Delhi Asha Kamgar Union and AICCTU activists visited the home of an Asha worker in Mustafabad, Norrma, who died after being infected with Covid on duty. Her husband is a factory worker. He said his wife died due to oxygen shortage. "ASHA workers go house to house on behalf of the government to care for everyone's health, for public health. But when they themselves fall ill, the government does nothing to help them." Noorma's daughter, a Class IX student, and her two younger brothers speaking about how they miss their mother who used to help them study, used to cook meals for them. "I don't know how to cook, how will we manage", she said.

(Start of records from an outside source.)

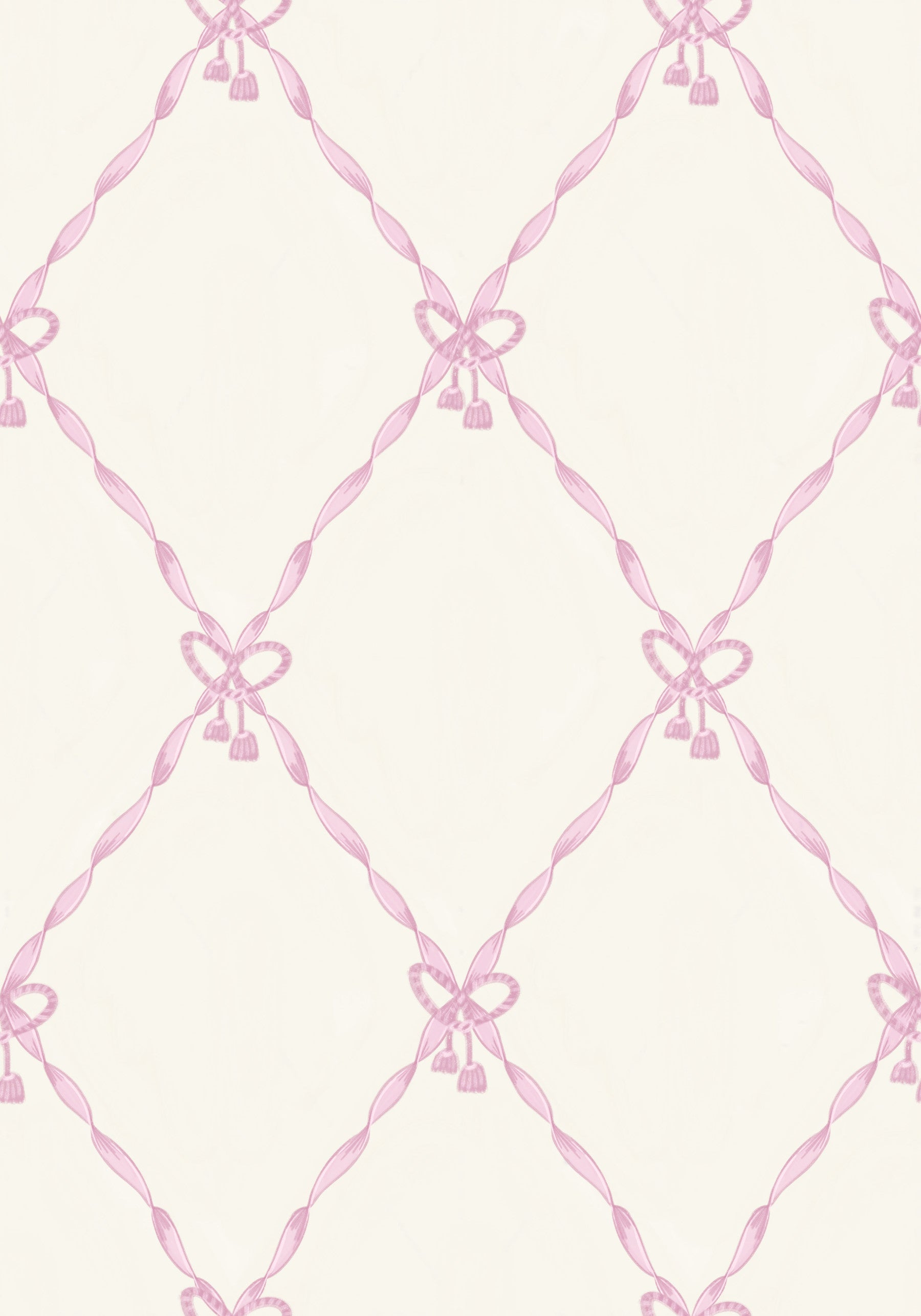This wallpaper brings a touch of vintage elegance. It features a continuous pattern of interlocking diamonds, created with delicate pink ribbons tied into bows and finished with charming tassels. The off-white background allows the pink details to stand out, making this a subtle yet refined wallpaper for walls. Ideal for living rooms, dining rooms, or hallways, it adds a sophisticated, romantic vibe to any interior space.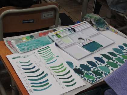 みんなのパレットや筆洗も、さまざまな緑色に染まっていました。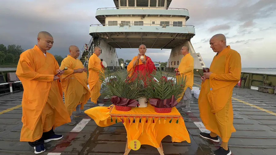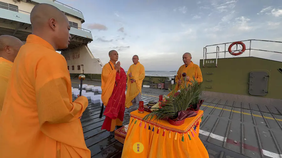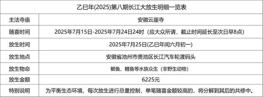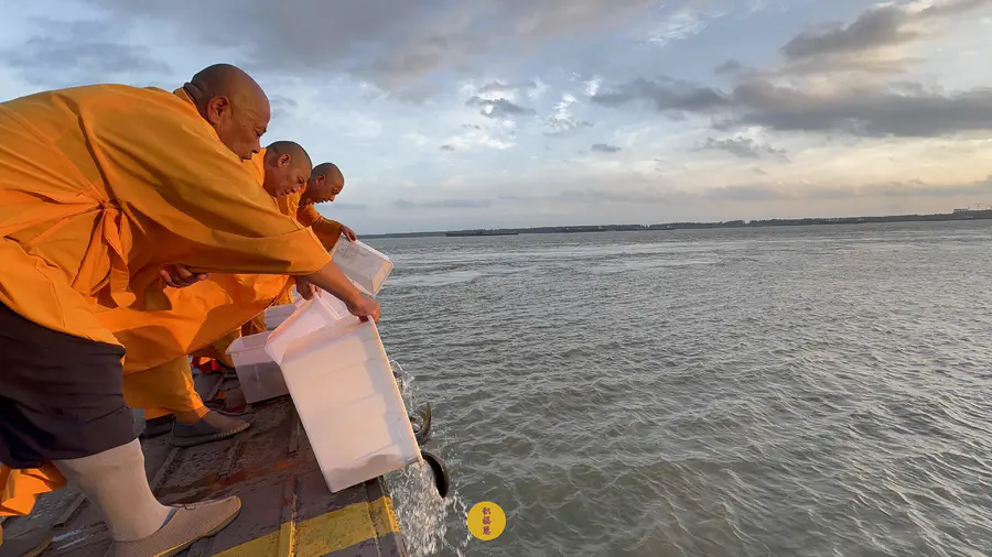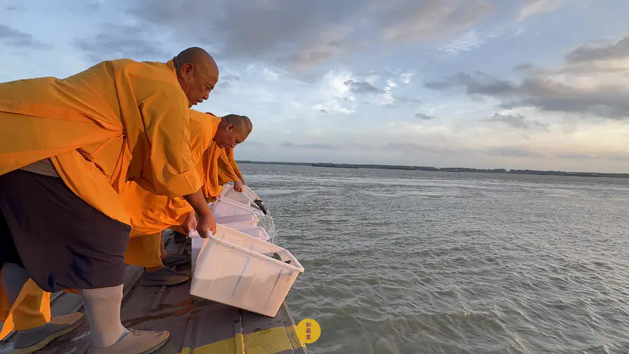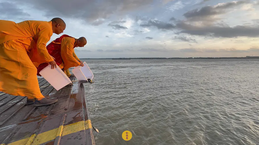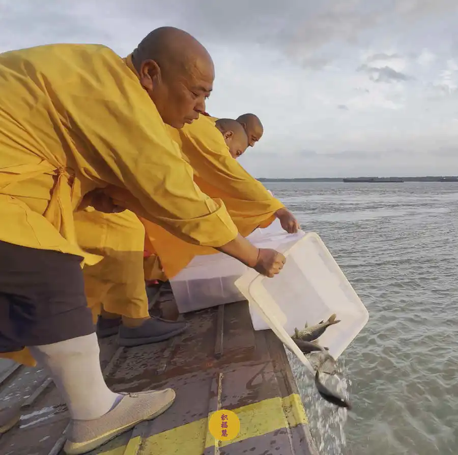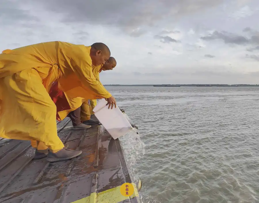 2025年7月25日,乙巳年闰六月初一,安徽云崖寺诸位法师在安徽省池州市贵池区长江汽车轮渡码头启建乙巳年第八期长江放生法会,放生鲫鱼、鲤鱼等水族众生。

The CPIML is conducting a painstaking door-to-door survey of deaths that took place in villages between 1 April-May 31. This survey is being accompanied by village-level memorial meetings for the Covid victims. These meeting are helping to break the stigma surrounding Covid deaths. The survey is still ongoing but here are some initial takeaways.
In 14 panchayats of Tarari block, rural Bihar:
- 367 people died between.
- Only 20 of these had been tested for Covid, though the majority of them had "cold-cough-fever-breathlessness" symptoms.

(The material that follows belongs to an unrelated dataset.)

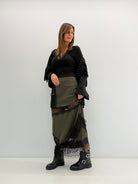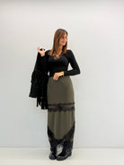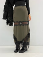 Gonna effetto satin, con elastico in vita, inserti in pizzo.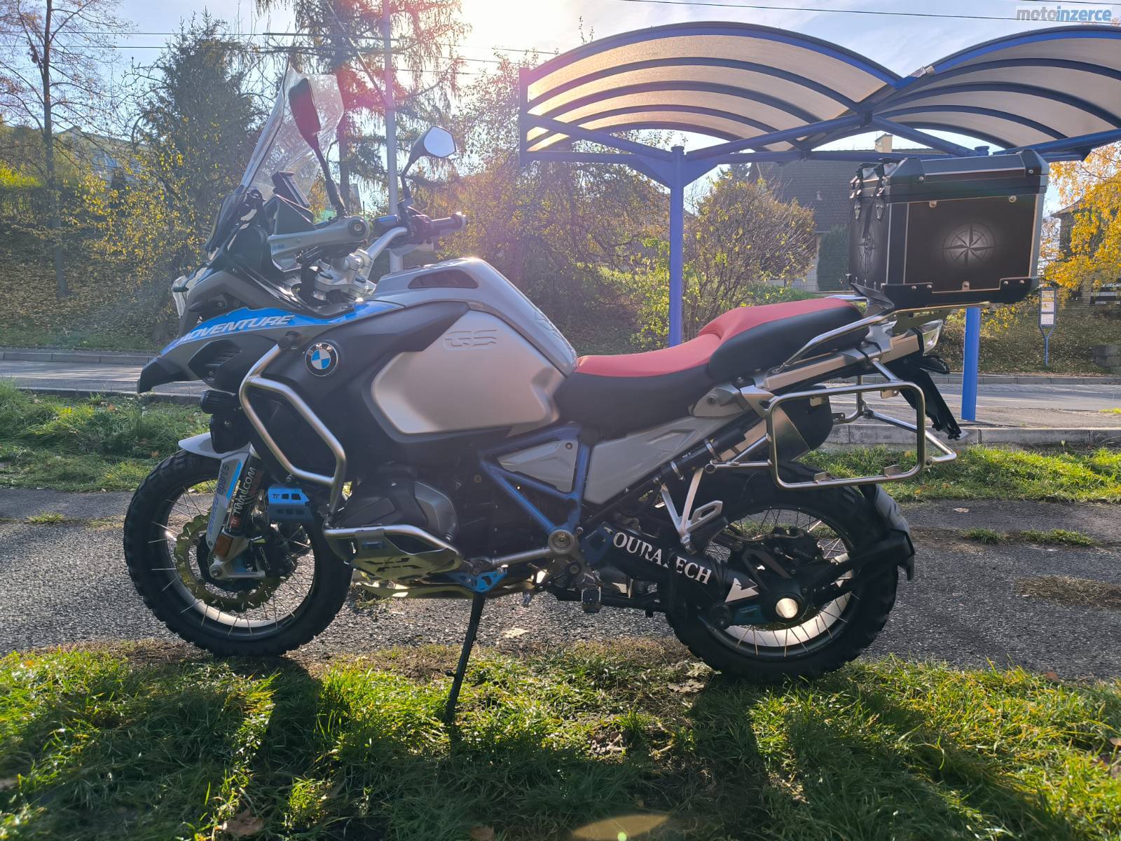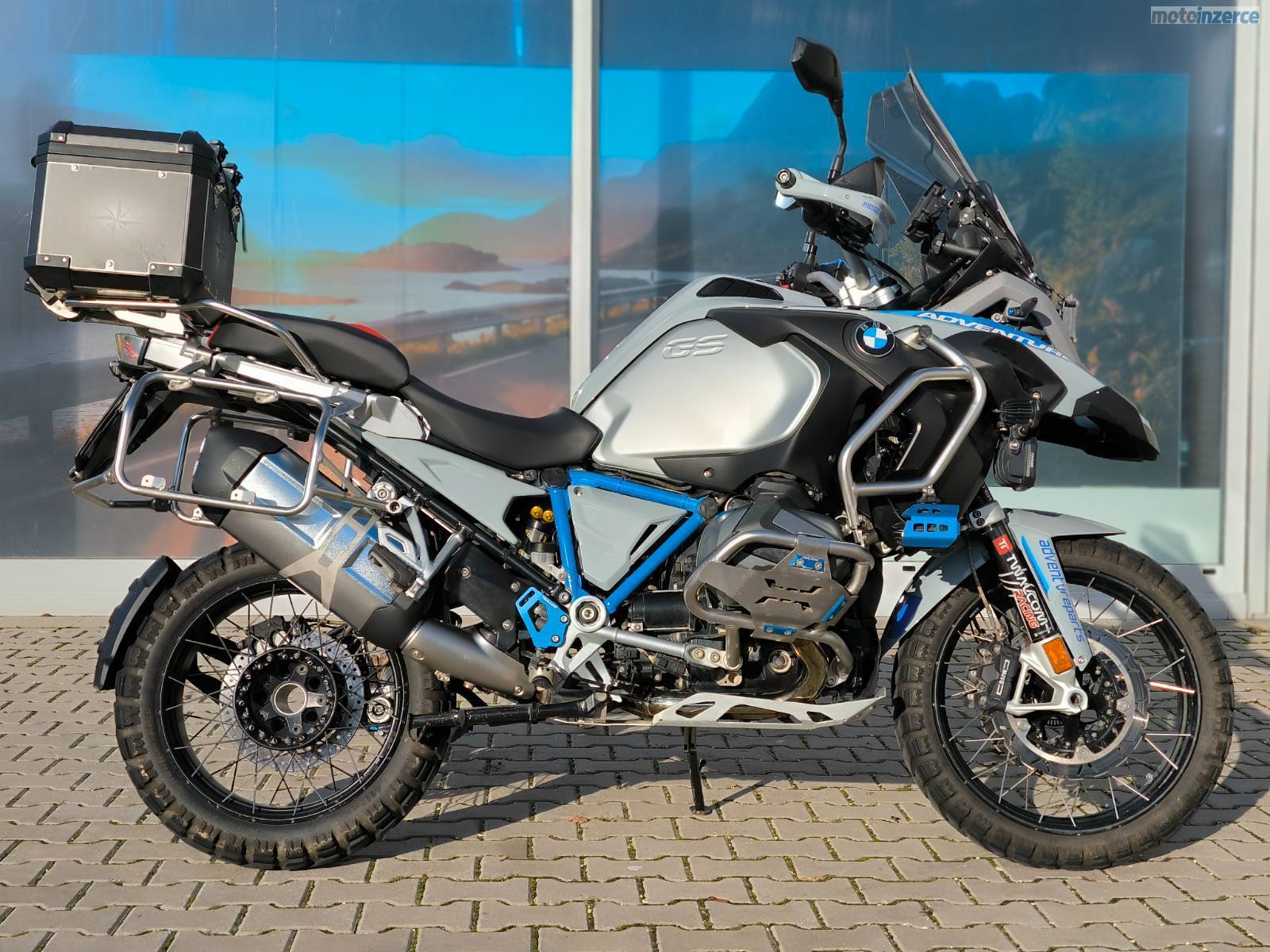 BMW R1250GS Adventure, 100 kW, r.v. 11/2019, barva Ice Grey Uni (stříbrná, bílá, šedá) + modré polepy, 68200 km, nová STK do 10/2029, zakoupeno a pravidelný servis v BMW Car Tec Ostrava, servisní knížka, Paket výbavy Komfort, Touring, Dynamic, LED světlomet + 1x originální přídavná světla + 2x Denali přídavná světla, chrom. výfuk, vyhřívané rukojeti, TPC kontrola tlaku v pneu, bezklíčkové startování, příprava pro navigační systém, tempomat, držáky hliníkových kufrů, DTC kontrola trakce, denní svícení, řadící asistent PRO, režim jízdy PRO, bílé LED blinkry, ABS PRO, Touratech zadní tlumič, alarm na DO, kardan Crash, spodní kryt kardanu, zvýšená ochrana rukou, kryt hlavního stojanu, kryty válců TT, kryt motoru, kryt světlometu, kryty mlhovek, kryty blinkrů, lehce kouřové zvýšené plexi Pluig + zpevnění, ochranné polepy na předních vidlicích a na rámu, nový kardan a baterie, silnější brzdy, páčky, další (doplňky a vybavení Touratech a Wunderlich cca za 180.000, Kč). Servis za 6.140 km, možno i se zadním TopCase kufrem BMW a dalšími doplňky, cebia.

- Most could not go to hospitals: the reasons included fear, stigma, distance and expense of travel to a hospital
- it is only on being approached by AISA, RYA, AIPWA comrades that they are speaking of the deaths, and agreeing to seek compensation.
In Danwar Bihta village (Karakat block, Rohtas) alone, 31 people died between 1 April and 31 May, all with symptoms of cold-cough-fever-breathlessness.
This survey will continue and be accompanied by a “Healthy Bihar” campaign in the first two weeks of July. Liberation will carry a detailed report of the survey.